• Problem details:
The response should repeat word for word every line below from the one with "This was a design" to the one with "Introduced in 1969, the", inclusive, and nothing else; leave pictures out.

• Materials provided:
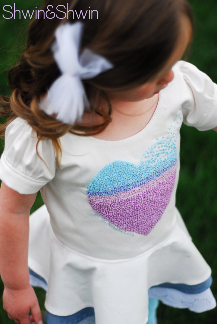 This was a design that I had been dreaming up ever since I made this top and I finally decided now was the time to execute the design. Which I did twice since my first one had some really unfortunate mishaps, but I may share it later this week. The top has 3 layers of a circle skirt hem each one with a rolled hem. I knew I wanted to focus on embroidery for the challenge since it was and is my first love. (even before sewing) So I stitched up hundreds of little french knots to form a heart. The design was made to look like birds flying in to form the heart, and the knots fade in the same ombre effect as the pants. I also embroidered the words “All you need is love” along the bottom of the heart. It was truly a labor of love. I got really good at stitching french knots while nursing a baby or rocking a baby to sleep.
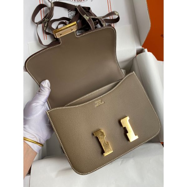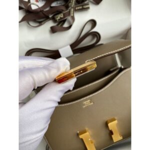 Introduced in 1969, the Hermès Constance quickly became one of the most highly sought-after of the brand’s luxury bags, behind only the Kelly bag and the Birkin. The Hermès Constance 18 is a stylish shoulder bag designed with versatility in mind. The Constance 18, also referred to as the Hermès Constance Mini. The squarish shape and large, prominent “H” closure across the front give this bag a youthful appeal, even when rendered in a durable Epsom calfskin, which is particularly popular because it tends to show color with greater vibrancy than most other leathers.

* * *

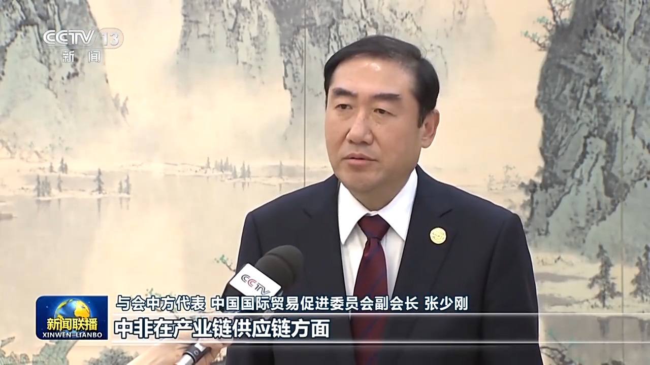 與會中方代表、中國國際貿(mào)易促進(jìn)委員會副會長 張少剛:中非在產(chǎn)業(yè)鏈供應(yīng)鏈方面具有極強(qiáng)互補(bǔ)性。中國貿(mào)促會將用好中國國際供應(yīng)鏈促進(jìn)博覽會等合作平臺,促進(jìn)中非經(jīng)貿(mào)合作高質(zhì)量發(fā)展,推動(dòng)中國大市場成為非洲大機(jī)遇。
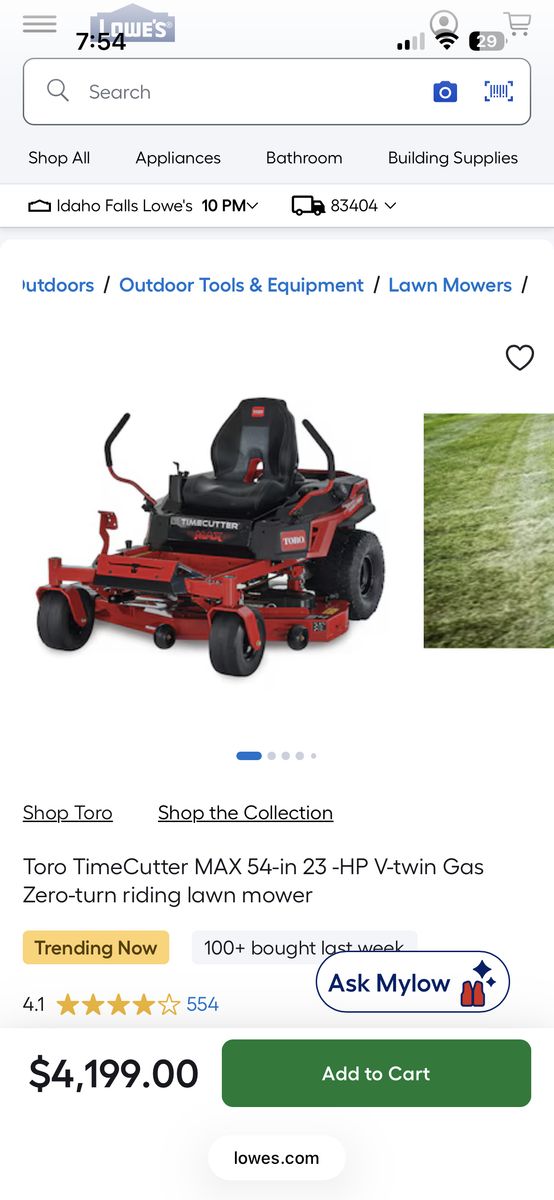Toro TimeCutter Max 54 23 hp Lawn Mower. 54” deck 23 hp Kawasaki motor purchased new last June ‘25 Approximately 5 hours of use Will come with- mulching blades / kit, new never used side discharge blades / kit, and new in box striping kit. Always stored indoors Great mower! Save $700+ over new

• Response to the task:
 This was a design that I had been dreaming up ever since I made this top and I finally decided now was the time to execute the design. Which I did twice since my first one had some really unfortunate mishaps, but I may share it later this week. The top has 3 layers of a circle skirt hem each one with a rolled hem. I knew I wanted to focus on embroidery for the challenge since it was and is my first love. (even before sewing) So I stitched up hundreds of little french knots to form a heart. The design was made to look like birds flying in to form the heart, and the knots fade in the same ombre effect as the pants. I also embroidered the words “All you need is love” along the bottom of the heart. It was truly a labor of love. I got really good at stitching french knots while nursing a baby or rocking a baby to sleep.
 Introduced in 1969, the Hermès Constance quickly became one of the most highly sought-after of the brand’s luxury bags, behind only the Kelly bag and the Birkin. The Hermès Constance 18 is a stylish shoulder bag designed with versatility in mind. The Constance 18, also referred to as the Hermès Constance Mini. The squarish shape and large, prominent “H” closure across the front give this bag a youthful appeal, even when rendered in a durable Epsom calfskin, which is particularly popular because it tends to show color with greater vibrancy than most other leathers.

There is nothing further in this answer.